▶ _What to work on_
Reproduce the records below in full and exactly, without their images.

* * * * * * *

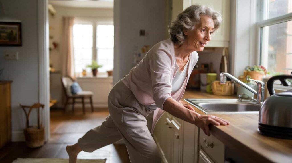 Start with very small doses. Two minutes by the kitchen counter while the kettle boils. A few steps sideways along the hallway, one hand grazing the wall. That’s it for the day.
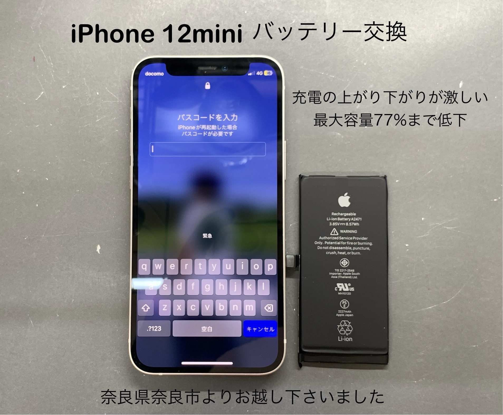 今回ご紹介させて頂きますiPhone 修理は、奈良県奈良市からお越しなお客様よりiPhone 12miniのバッテリー交換のご依頼です。
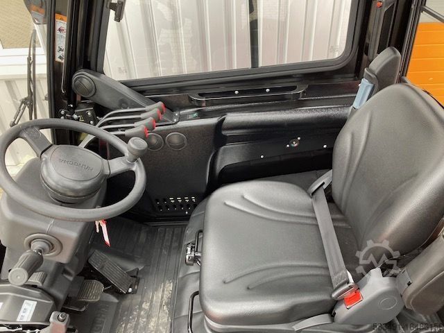 Описание: Полная кабина с отоплением, освещение аналогично STVO, задние рабочие фары, BlueSpot сзади, 3-й + 4-й клапан до каретки вил, поворотный маяк, внутреннее зеркало, ручной рычаг
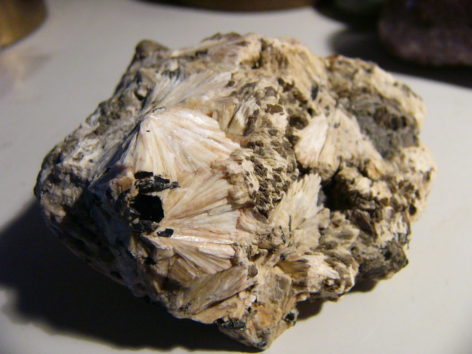 Erinnert mich an Baryt (schau mal bei Test-Steine nach da habe ich einen abgelichtet das rosa Tortenstück).
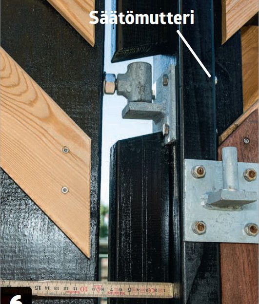 Varmista, että porttien väliin jää pienet raot. Mittaa porttien leveys rakennusvaiheessa ja hienosäädä niiden paikkoja, kun asennat saranat.

* * * * * * *

▶ _Answer to this exercise_
 Start with very small doses. Two minutes by the kitchen counter while the kettle boils. A few steps sideways along the hallway, one hand grazing the wall. That’s it for the day.
 今回ご紹介させて頂きますiPhone 修理は、奈良県奈良市からお越しなお客様よりiPhone 12miniのバッテリー交換のご依頼です。
 Описание: Полная кабина с отоплением, освещение аналогично STVO, задние рабочие фары, BlueSpot сзади, 3-й + 4-й клапан до каретки вил, поворотный маяк, внутреннее зеркало, ручной рычаг
 Erinnert mich an Baryt (schau mal bei Test-Steine nach da habe ich einen abgelichtet das rosa Tortenstück).
 Varmista, että porttien väliin jää pienet raot. Mittaa porttien leveys rakennusvaiheessa ja hienosäädä niiden paikkoja, kun asennat saranat.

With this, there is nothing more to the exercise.